Usually the final KRSA output has many columns like: Kinase, SamplingAverage, SD, Z, ... etc. So, we need to read that file and only select Kinase and Z score columns, and then rename the Z score column to "Score"

```{r krsaExample}

# reading an example of KRSA output
krsa_ex <- read_delim("data_files/KRSA_ex.txt", delim = "\t")

krsa_ex

```

Now we select the Kinase and Z score columns, and then rename the Z score column to "Score"

```{r krsaExample2}

# selecting the Kinase and Z columns, and renaming Z to Score
krsa_ex %>% select(Kinase, Z) %>% 
  rename(Score = Z) -> krsa_ex


krsa_ex

```

## UKA Exmaple

We do the same with the UKA output, take raw output and select kinase and either the kinase statistic or final score as the scoring metric

```{r uakExample1}

# reading an example of UKA output
uka_ex <- read_delim("data_files/UKA_ex.txt", delim = "\t")

uka_ex

```

Let's say we want the final score as the metric we want to use, so we select the two columns: kinase and median final score

```{r uakExample2}

# selecting the Kinase and kinase statistic columns, and renaming kinase statistic to Score
uka_ex %>% select(`Kinase Name`, `Median Final score`) %>% 
  rename(Kinase = `Kinase Name`, Score = `Median Final score`) -> uka_ex

uka_ex

```

## Using the creedenzymatic package

There are dedicated functions to read and rank KRSA and UKA tables in the creedenzymatic package (*read_krsa, read_uka*). These two functions will check the input format (must include two columns: Kinase and Score) and then will the *rank_kinases* function with the specified arguments. The argument are *trns* and *sort*. The *trns* argument is for transformation of the score, the values accepted for this argument are abs and raw (abs: use absolute values of scores, raw: no transformation). The *sort* argument accepts either asc or desc (ascending and descending)

```{r}

# read and rank the KRSA table and use absolute values and descending sorting
read_krsa(krsa_ex, trns = "abs", sort = "desc") -> krsa_table_ranked

# read and rank the UKA table and use absolute values and descending sorting
read_uka(uka_ex, trns = "abs", sort = "desc") -> uka_table_ranked


# preview of a ranked KRSA table
krsa_table_ranked


```

Now we combine the ranked tables into one dataframe using the combine_tools() function. 

```{r}

# combine ranked tables
combine_tools(KRSA_df = krsa_table_ranked, UKA_df = uka_table_ranked) -> combined_df


combined_df

# to save file
# write_delim(combined_df,"ce_combined_ranked_file.txt", delim = "\t")

```

We can visualize the results using the quartile_figure() function (which will return a ggplot). Let's we want to plot all of the kinases found in quartile 3 or 4 either in KRSA or UKA. 

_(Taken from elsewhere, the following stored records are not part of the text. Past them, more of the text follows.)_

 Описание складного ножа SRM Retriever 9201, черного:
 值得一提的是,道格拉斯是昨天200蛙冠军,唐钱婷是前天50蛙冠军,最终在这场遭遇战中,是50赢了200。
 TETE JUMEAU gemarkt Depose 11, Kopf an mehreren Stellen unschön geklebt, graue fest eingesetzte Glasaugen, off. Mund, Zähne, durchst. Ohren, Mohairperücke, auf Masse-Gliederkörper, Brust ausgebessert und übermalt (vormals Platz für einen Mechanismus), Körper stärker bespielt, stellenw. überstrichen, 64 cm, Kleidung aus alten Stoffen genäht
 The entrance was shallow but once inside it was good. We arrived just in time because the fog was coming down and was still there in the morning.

```{r, fig.align="center", fig.height=6,fig.width=12}

# filter out kinases found in quartile 3 or 4 either in KRSA or UKA and use the quartile_figure() for visualization

combined_df %>% filter(Qrt >= 3) %>% 
  pull(hgnc_symbol) %>% unique() -> sig_kinases

combined_df %>% 
  filter(hgnc_symbol %in% sig_kinases) %>% 
  quartile_figure()


```

# KEA3

To run KEA3, we need a subset of peptides as an input (this subset of peptides could represent top differentially phosphorylated peptides, peptides mapped to a recombinant kinase, ... etc). Both KRSA and UKA calculate log2 fold change (LFC) values of peptide phosphorylation levels. These LFC values could be used to determine the top peptides using either an LFC cutoff or rank order of peptides. 

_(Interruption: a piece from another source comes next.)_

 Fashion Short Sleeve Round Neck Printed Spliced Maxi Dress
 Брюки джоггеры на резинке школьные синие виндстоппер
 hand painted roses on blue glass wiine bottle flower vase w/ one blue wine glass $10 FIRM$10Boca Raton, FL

```{r, fig.align="center", fig.height=6,fig.width=12}

# an example of file with peptide IDs and LFC
kea_ex <- read_delim("data_files/KEA3_ex.txt", delim = "\t")

kea_ex %>% 
  select(Peptide, Score = totalMeanLFC) -> kea_ex

# run kea3, using the peptide list with a cutoff value
read_kea(kea_ex, filter = T, cutoff = 0.4, cutoff_abs = T, sort = "asc", trns = "abs",
        rm_duplicates = T, method = "MeanRank", lib = "kinase-substrate") -> kea_table_ranked

# quartile figure using kinase family as the grouping factor
combine_tools(KRSA_df = krsa_table_ranked, UKA_df = uka_table_ranked, KEA3_df = kea_table_ranked) %>% 
  filter(hgnc_symbol %in% sig_kinases) %>% 
  quartile_figure()

# quartile figure using kinase groups as the grouping factor (more useful in STK runs)
combine_tools(KRSA_df = krsa_table_ranked, UKA_df = uka_table_ranked, KEA3_df = kea_table_ranked) %>% 
  filter(hgnc_symbol %in% sig_kinases) %>% 
  quartile_figure(grouping = "group")


```

# PTM-SEA

To run PTM-SEA, we need the LFC table of peptides as an input (Same input as KEA3)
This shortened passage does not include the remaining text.